Lastly, the symptoms I am seeing, are not that of ich, but something else, just don't know if its something parasitic or something with water quality not cycled yet.
 
"Peeling" can be brook or uronema. However, "your plan" would not solve any problem regarding parasites so I would just be guessing. Nitrite in and of itself is not a big issue except as an indication that your tank is not cycled.
 
"Peeling" can be brook or uronema. However, "your plan" would not solve any problem regarding parasites so I would just be guessing. Nitrite in and of itself is not a big issue except as an indication that your tank is not cycled.

Not sure im following regarding my plan. The plan was to remove fish to a different set up, a 100 gallon trough, utilizing copper for 4 weeks. After that, I was going to observe them for another few weeks. While this was happening, being I have no coral or inverts, I was going to nuke the tank, bleach it down, new sand, cycle tank while fish are in quarantine, and then reintroduce.

It didn't take but two days, no feedings, to get an ammonia read. I did a water change, and started to lose fish. I then became frustrated, knowing I was going to lose all my fish, so I got the tank back up and running, and used bacteria.

What I am doing now is not the plan, but simply a detoured route. I simply could not keep ammonia at bay in a separate quarters.

Never will I do that again. Nor will I quarantine fish, too much money, too much risk. I want the three remaining fish I have to live, and those most likely will be the last 3 fish I ever acquire.

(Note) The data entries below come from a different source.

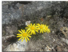
Common name not found Senecio comosus
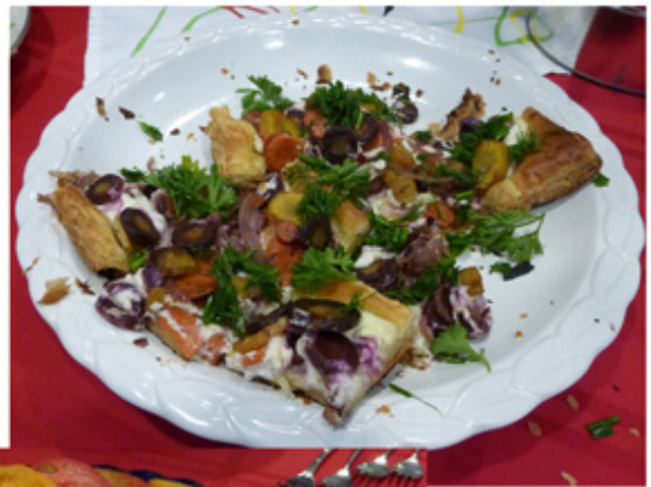
Carrot Tart →
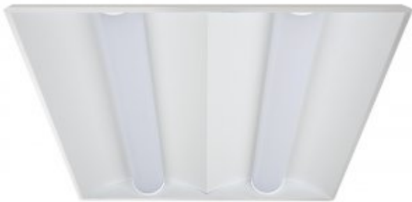
Arcus Duo 600x600
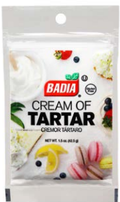
CREAM OF TARTAR - 00088 12/1.5 OZ

Trying to make the best of what I have now, because I don't like seeing anything suffer. I wont be adding anymore fish, hopefully these three live out there lives, and then I can let someone else take the tank and have their fun with it.
 
The peeling skin sounds like brook which i dont think copper is effective against. The best form of treatment would have been formalyn dips.
I personally think qt is a must and would never go without it. However IMO its most effective/successful when done from the begining with the first fish purchase. It gets to be hard and nearly impossible when trying to treat/save multiple fish at the same time specially when there is already a disease or infection on some of the fish. I feel your frustration. Hang in there. Hopefully the remainh fish will pull through.
 
Okay, so its been a couple of days since this discovery/mishaps and I thought I would provide an update.

Since yesterday, the three remaining fish, seem fine, eating very aggressively, something they had not done in the past couple weeks.

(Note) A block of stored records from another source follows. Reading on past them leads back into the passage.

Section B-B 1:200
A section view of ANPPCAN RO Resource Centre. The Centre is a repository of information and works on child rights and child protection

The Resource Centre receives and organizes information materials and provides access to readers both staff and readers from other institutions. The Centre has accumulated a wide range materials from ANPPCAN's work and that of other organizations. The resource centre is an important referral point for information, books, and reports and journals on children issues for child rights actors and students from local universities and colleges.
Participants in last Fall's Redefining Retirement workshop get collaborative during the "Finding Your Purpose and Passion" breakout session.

The puffer, who appeard to have the same, white shedding, as the perished fish showed signs of, has gone away.

So either a couple of things I can see:

The nitrite level is started land on the scale again, meaning before it was at the max api level of nitrites, 5 ppm, now it is around the two mark. So the levels are definitely dropping, and im guessing the cycle will be complete within a week.

If this truly was brook, or velvet (certainly does not appear to be ich) would it just get up and disappear from these fish, or would it have lingered on them til they were either dead or treated?

I want to lean toward it not being parasitic, just water conditions cycling and becoming eratic.

I did a 20 gallon water change, (not much on a 155 I know) to siphon new sand, help lower nitrite a bit, and get some new water in the tank.

What do you guys think, do I have an issue with brook or some other bug, or am I dealing with a new, unstable tank?